Traduit par Persa Aligrudić
Sur la Toile :
Publié dans la presse : 22 novembre 2011
Mise en ligne : mercredi 23 novembre 2011
Selon une étude, le secteur public serbe figure largement en tête du hit parade de la corruption. Administration et entreprises publiques ont été mise sous coupe réglée par les différents partis politiques, qui se nourrissent sur la bête par le biais de rétro-commissions systématiques. Du côté des pouvoirs publics, on nie en bloc ces accusations. L’affaire se réglera devant la justice.

par K. Živanović

Les ministères des Infrastructures, de l’Environnement, de l’Aménagement, de l’Éducation et de l’Économie sont classés comme étant les plus corrompus du secteur public, d’après les résultats des recherches de l’Institut international de la sécurité.

Milutin Mrkonjić, ministre des Infrastructures, dément les allégations de ces recherches et souligne que la situation est tout le contraire. « Mon ministère est le moins corrompu de tous. Je ne vois absolument pas de fondement à ces affirmations, pas plus que je ne veux pas commenter ces recherches tant que les données ne seront pas présentées publiquement », fulmine-t-il.

Orhan Dragaš, directeur de l’Institut international de la sécurité, déclare qu’il existe des éléments précis sur la corruption dans les ministères mentionnés comme dans le secteur public. Ils seront remis par l’Institut au Parquet début décembre avant d’être présentés publiquement. Ces données sont le résultat de recherches qui ont duré de trois mois, d’enquêtes et de collectes d’informations par des particuliers et des entreprises avec lesquels ces ministères collaborent.

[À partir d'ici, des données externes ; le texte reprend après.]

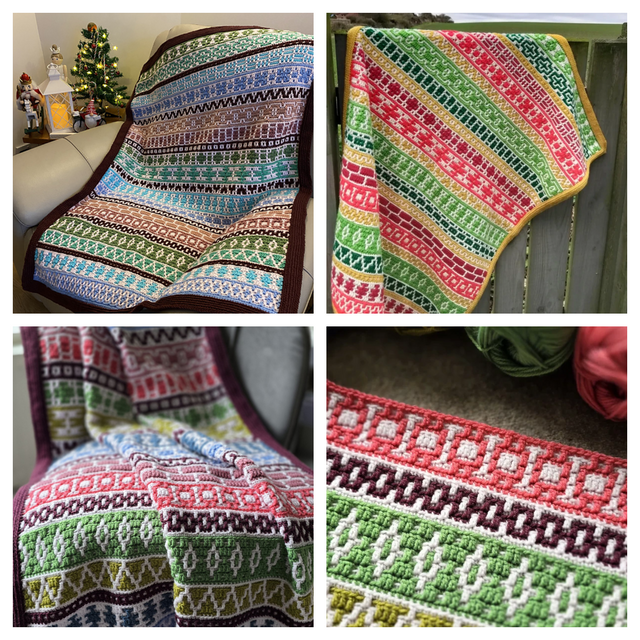 Adventures in Overlay Mosaic is worked in single-colour rows using the overlay mosaic crochet technique, and is finished off with a simple envelope border to hide the loose ends. There are no special stitches, and no mid-row colour changes, making the pattern perfect for beginners to the technique, and also for anyone wanting something easy to do whilst watching TV. If you are unfamiliar with mosaic crochet or the envelope border, don’t worry, they are much easier to do than they look, and step by step instructions are given.
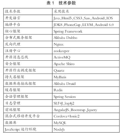 主要采用技术如表1所示。
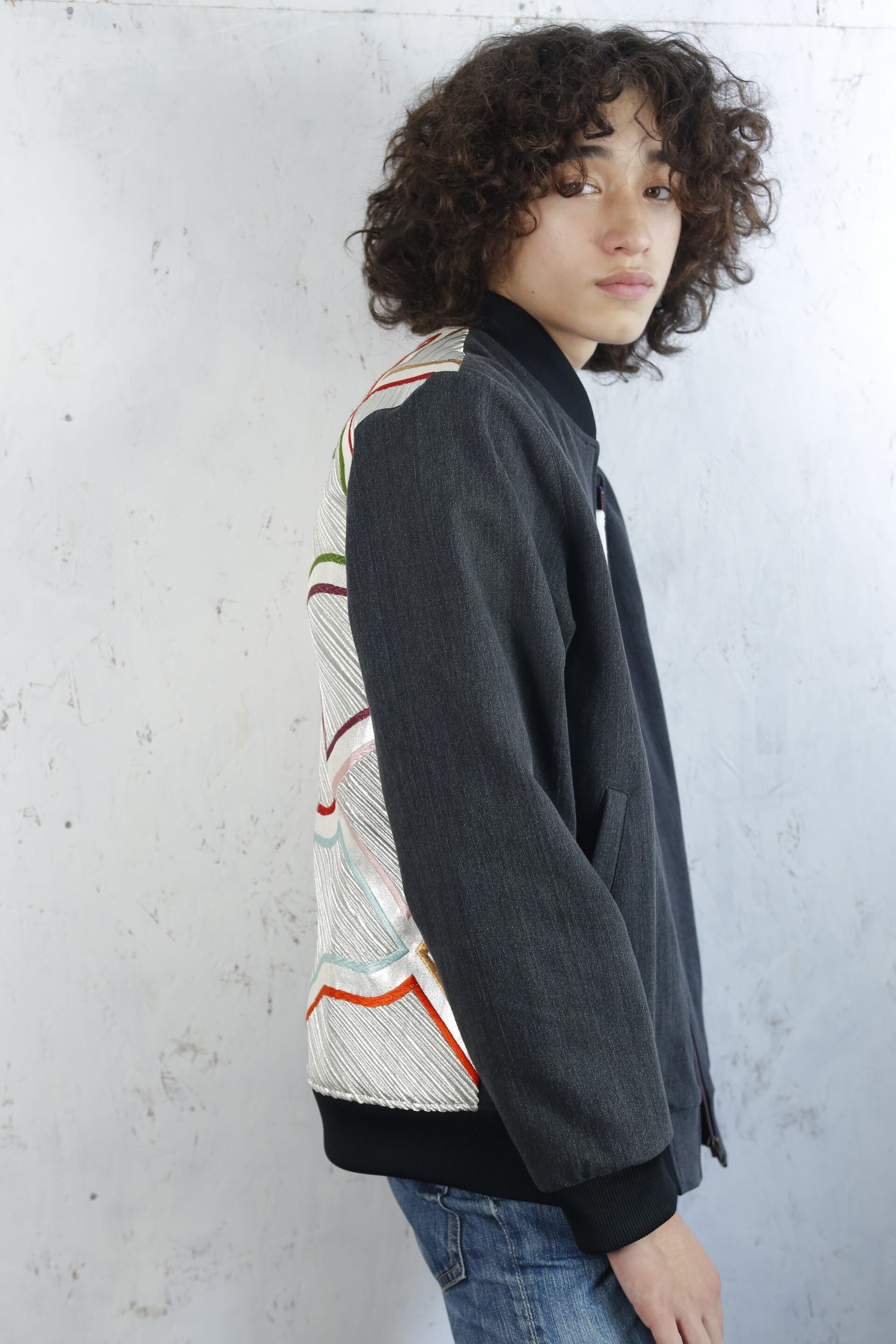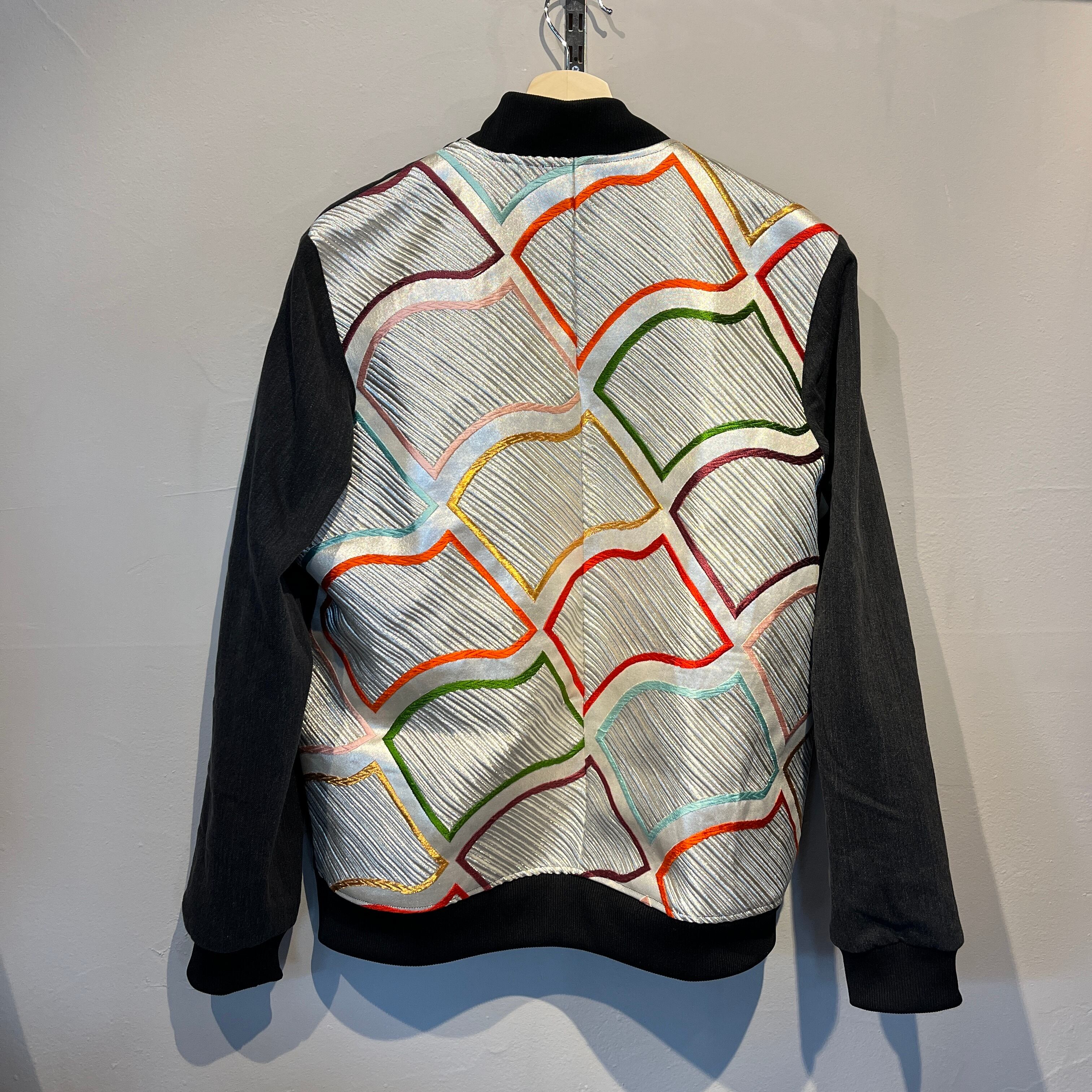 "KABUKI SILVER" is full of dynamism. A reversible blouson with a luxurious silver shine and vivid color pattern. The back is made of obi fabric, and the sleeves are lined with dark blue denim, creating a sophisticated contrast. Furthermore, the lining is made of a calming black stylish printed fabric. This item tickles your fashionable spirit.

« Pour les citoyens la corruption dans la police, la santé et la justice est la plus apparente car ils y sont confrontés tous les jours. Cependant, la corruption la plus grave concerne les ministères et les entreprises publiques. Il s’agit d’une corruption très élevée, qui sera l’un des principaux obstacles à la Serbie dans sa voie vers l’intégration européenne », souligne-t-il. D’après lui, la société en Serbie est sous la coupe des politiques, et en particulier la justice.

« Dans le monde il y a ce qu’on appelle le niveau acceptable de corruption, car nulle part elle ne peut être complètement éradiquée. Mais, chez nous la corruption est une règle, pas une exception. Le pouvoir n’est pas capable de lutter contre elle pas plus qu’il n’en a la volonté », poursuit Orhan Dragaš.

Selon les recherches, les partis ont établi un système de rétro-commissions systématiques sur les contrats impliquant une administration ou une entreprise publiques. Le problème est la corruption des médias, qui sont, de manière informelle, contrôlés par les formations politiques. Elles font pression sur les rédactions pour étouffer les affaires. Le moyen utilisé est simple : menacer du retrait des annonceurs publics si certains faits sont publiés.